At Boise State U Adjuncts Get Paychecks Then Told to Keep Quiet

OVER 90 ADJUNCTS teaching summers courses at Boise State University were told in July their pay would be delayed, since the office responsible for filing employment paperwork missed the deadline to process instructors’ contracts. Some of those affected by the glitch say it showcases a problem every bit as pervasive as the understaffing which caused it.

The delay was due to “the heavy workload caused by processing the one percent pay increase for classified, professional staff and faculty,” according to a campus-wide memo sent June 7th from Linda Urquidi, director of summer programs in the Extended Studies program. The original pay date was slated July 1st, but according to the memo, those teaching the three affected summer sessions would receive pay July 15th.

The university approved the pay increase as a permanent raise to boost salaries to a competitive level, school officials said.

Travis Adams, an adjunct at the university for the past year, was one of the part-time instructors affected and one of 11 who fought the pay stall, asking for his paycheck on the date it was originally scheduled. Adams said he contacted Urquidi, who blamed Human Resources for the delay. He then called Human Resources which blamed Extended Studies.

“It doesn’t make a difference to me which office’s mistake it was,” Adams explained. “But now faculty members are being held accountable and punished for a mistake that’s nothing to do with them. No one made a mistake on the faculty’s part, yet it’s going to affect us.”

Adams said an assistant to the provost contacted him after repeated calls to several departments, saying she would work to get him paid by July 1. About 45 minutes after he talked to the provost, Adams said, he received a phone message at home that he had been run through payroll and would get paid on the first of July.

The following morning, he said, Extended Studies phoned him confirming he would get paid on the first of July, but that wasn’t all.

“The twist of this phone message was that they asked me not to tell anyone else that I would get paid early,” Adams said. “That phone message probably got me more fired up than anything else up to that point.”
Rachel Burgess, who has taught for the English and History departments, said she expected a late paycheck due to her previous experiences of being a contract employee.

“A delay happens each semester you get your contract. Sometimes you don’t get paid until a month later,” she said. “I’d been calling about my contract well before school started; I knew something was up. I knew I wasn’t going to get paid when I thought.”

Burges was shaken when, like Adams, she was asked not divulge that she was getting paid early.

“I made a big stink for myself to deal with this personally. So when I talked with Linda Urquidi, she told me not to tell anyone. She said, ’This is a special thing we’re doing for you.’

“In my experience, they were not open and honest about any of this. And the reason being is that they didn’t want anyone to know, so they can keep up appearances.”

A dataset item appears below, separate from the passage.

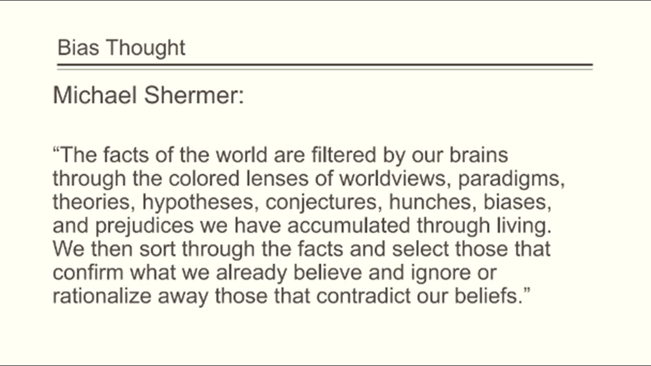 “The facts of the world,” notes science writer and historian of science Michael Shermer, “are filtered by our brains through the colored lenses of worldviews, paradigms, theories, hypotheses, conjectures, hunches, biases, and prejudices [which] we have accumulated through living. We then sort through the facts and select those that confirm what we already believe and ignore or rationalize away those that contradict our beliefs.”

Sona Andrews, Boise State’s provost and the vice president of academic affairs, said the paycheck debacle was unfortunate because it made the “part-time instructors feel undervalued. But these people are highly valued at the institution.” She confirmed, however, that special, early paychecks were cut for anyone who made a request. Urquidi refused comment on the issue of the pay delay, transferring questions to the dean of the department. Repeated calls to the dean’s office were unreturned.

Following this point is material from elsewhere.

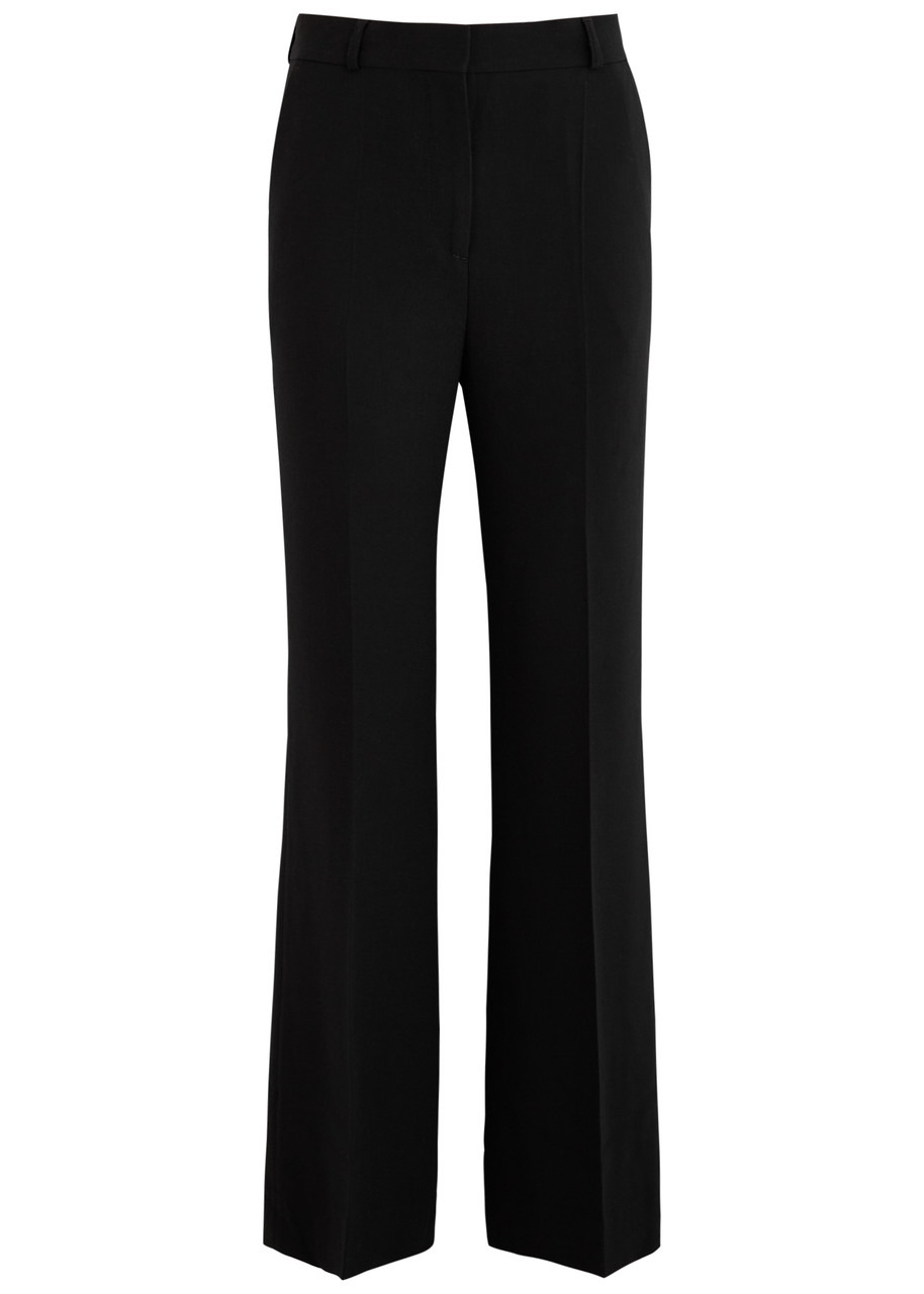 Info & Care Toteme crepe trousers; Belt loops, two slip pockets, pressed creases through legs, two button-fastening back pockets Concealed button, hook and zip fastenings at front; 77% viscose, 23% virgin wool; Dry clean; Size & Fit Inside leg length: 31 inches/ 79cm Midweight; Flared-leg cut; Designed to sit on the waist Model is 5'8"/ 172cm and wears a size;FR36

Provost Andrews apologized for the pay delay and said the adjuncts should not feel marginalized. But several adjuncts say they still feel unappreciated.

“It’s the whole issue of contingent labor in the university with adjuncts,” Adams said. “Adjunct means extra. Adjuncts in the English department teach a majority of classes without which regular faculty would not be able to teach what they do. We carry a lot of the teaching load, and yet we do not get rewarded with pay or benefits—not just health care, but even small benefits of taking classes for a discount, parking or access to the recreation center.”

Standards for Boise State’s adjunct professors are not uniform across department lines. Mathematics adjunct instructor Joanna Guild, who was also affected by the pay delay, said her department pays for its adjuncts to take classes. But, she complained, the 16 adjuncts in her department work on computers running Windows 95 in a shared office. She and her peers also must pay for parking, and they receive no guarantee of future employment.

Carissa Sindon, who taught as an adjunct with the Sociology department, said the university can cut corners in the face of tight budgets by employing adjuncts who don’t receive health insurance or other benefits packages.

“It’s highly exploitative, because if they gave me another class, I should have had benefits and a $30,000 (a year) job. It’s not like things were really that bad for me, but I didn’t feel as valued as I could have.”
Kerri Webster, who has taught poetry workshops part- time at Boise State for two years, said she enjoys teaching at the university, but it’s not perfect being an adjunct.

“My problem is not the little paycheck blip,” she said. “It’s with the adjunct system itself. In terms of the work I do, the salary is not equitable.

“(Adjuncts) are cheap,” she said. “With a growing university, the adjunct is the cheapest labor. We all do a heck of a lot for what we are paid, but in general, adjuncts don’t work for the money, they do it because they love to teach.”